Chapter 6: Regularization Strategies — Taming Overfitting

The Overfitting Problem

Deep neural networks are extremely powerful function approximators — often too powerful. A network with millions of parameters can easily memorize a training set rather than learning generalizable patterns. This is overfitting: low training error but high test error.

Regularization is the collection of techniques that prevent overfitting and improve generalization. These strategies became critical during the deep learning renaissance, enabling larger models trained on limited data.

L2 Regularization (Weight Decay)

The oldest and simplest regularization: add a penalty proportional to the squared magnitude of the weights to the loss function:

\[L_{\text{reg}} = L_{\text{data}} + \frac{\lambda}{2} \sum_{i} w_i^2\]
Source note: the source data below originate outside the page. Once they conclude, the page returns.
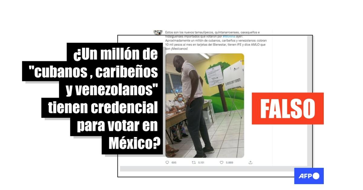 “Estos son los nuevos Tamaulipecos, Quintanarroenses, Oaxaqueños e Hidalguenses importados que votaron por Morena : Aproximadamente un millón de Cubanos. Caribeños y Venezolanos: cobran 10 mil pesos al mes en tarjetas del Bienestar, tienen INE [credencial] y dice AMLO [el presidente Andrés Manuel López Obrador] que son ¡Mexicanos!”, aseguran las entradas en Facebook y Twitter.
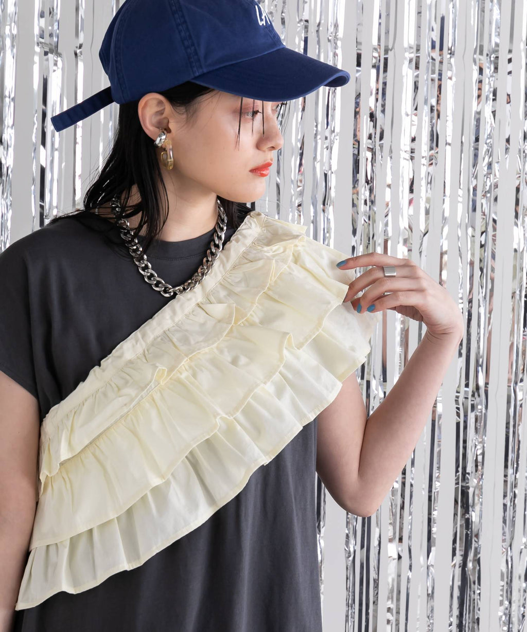 たすき掛けはもちろん、付け襟風にも、ビスチェ風にも、腰に巻いても使用可能。
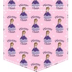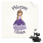 This is truly custom personalized design. You can customize almost all aspects of the design. You can customize the top and bottom text, along with the font and color. The princess' hair color, skin color, eye and even her crown and dress color can be customized. We also have a number of other princesses in our system, so you can always change out the princess. The background pattern and color customizable.
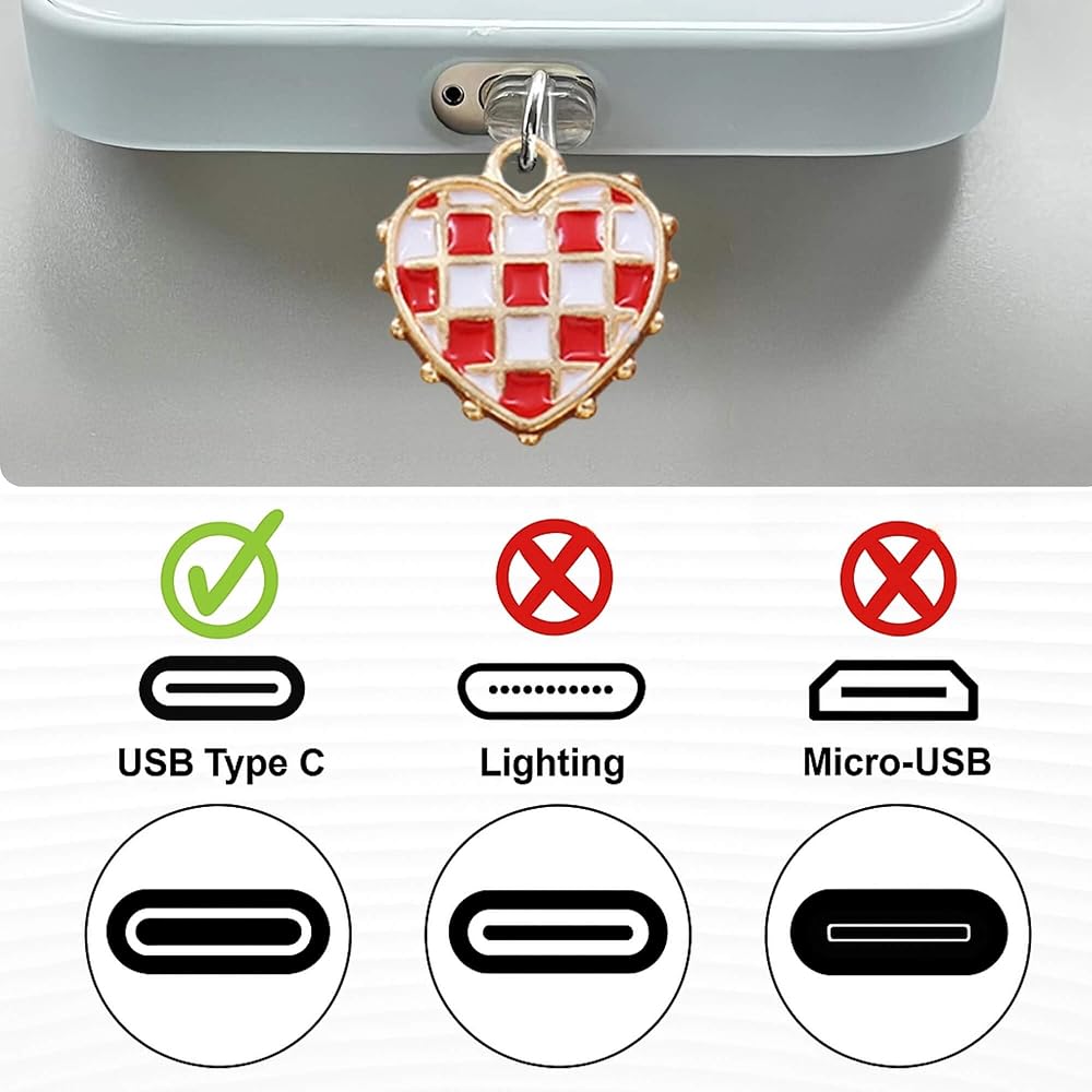 【Multi-functional Dust Plug Accessories】Featuring a red bow and checkered heart design, They protect your device's ports from dust while adding a personalized and decorative touch to your e-reader.
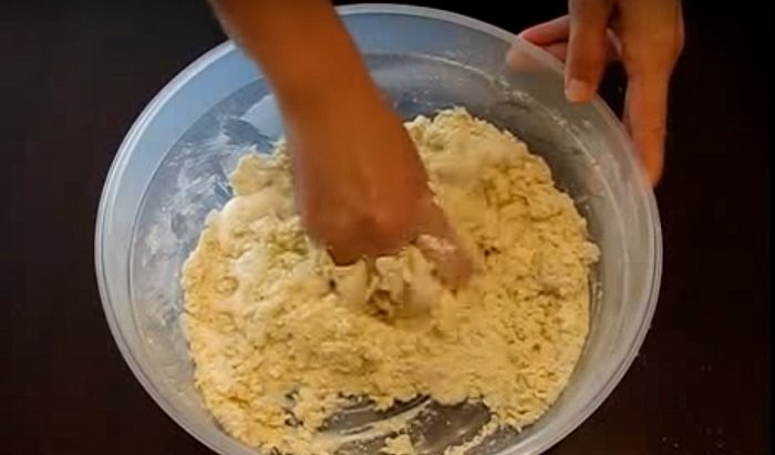 Do jednej miski przesiewamy mąkę. Dodajemy cukier, sól i mieszamy. Do drugiej wkładamy miękką margarynę/masło, wsypujemy zawartość pierwszej miski i dodajemy kwaśną śmietanę, która powinna mieć temperaturę pokojową. Wszystko ze sobą mieszamy.
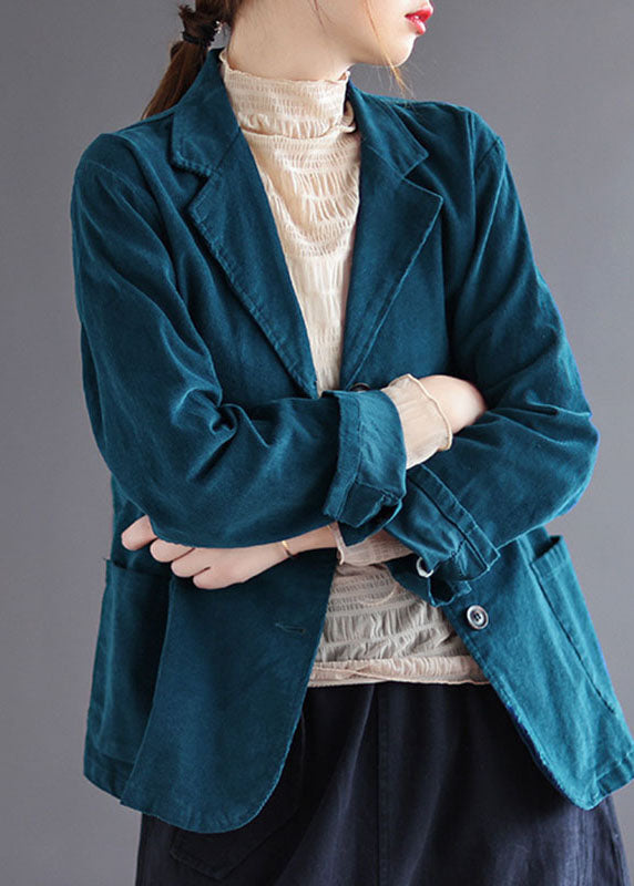 Mode Blau Peter Pan Kragen Taschen Knopf Patchwork Herbst Cord Mantel
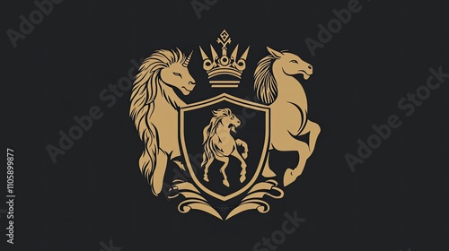 Obraz premium Regal Crest Featuring Unicorn Horse and Crown

The gradient update becomes:

\[w \leftarrow w - \eta \frac{\partial L_{\text{data}}}{\partial w} - \eta \lambda w\]

The extra term $-\eta \lambda w$ shrinks weights toward zero at each step, hence “weight decay.”

Why It Works

Large weights amplify noise and create sharp decision boundaries. L2 regularization encourages smoother functions with smaller weights, which generalize better. It’s equivalent to placing a Gaussian prior on the weights in a Bayesian framework.

Decoupled Weight Decay

In Adam and other adaptive optimizers, the standard L2 penalty interacts poorly with the adaptive learning rate. Loshchilov and Hutter (2017) introduced AdamW, which applies weight decay directly to the weights rather than through the gradient:

\[w \leftarrow (1 - \eta \lambda) w - \eta \cdot \text{Adam\_step}\]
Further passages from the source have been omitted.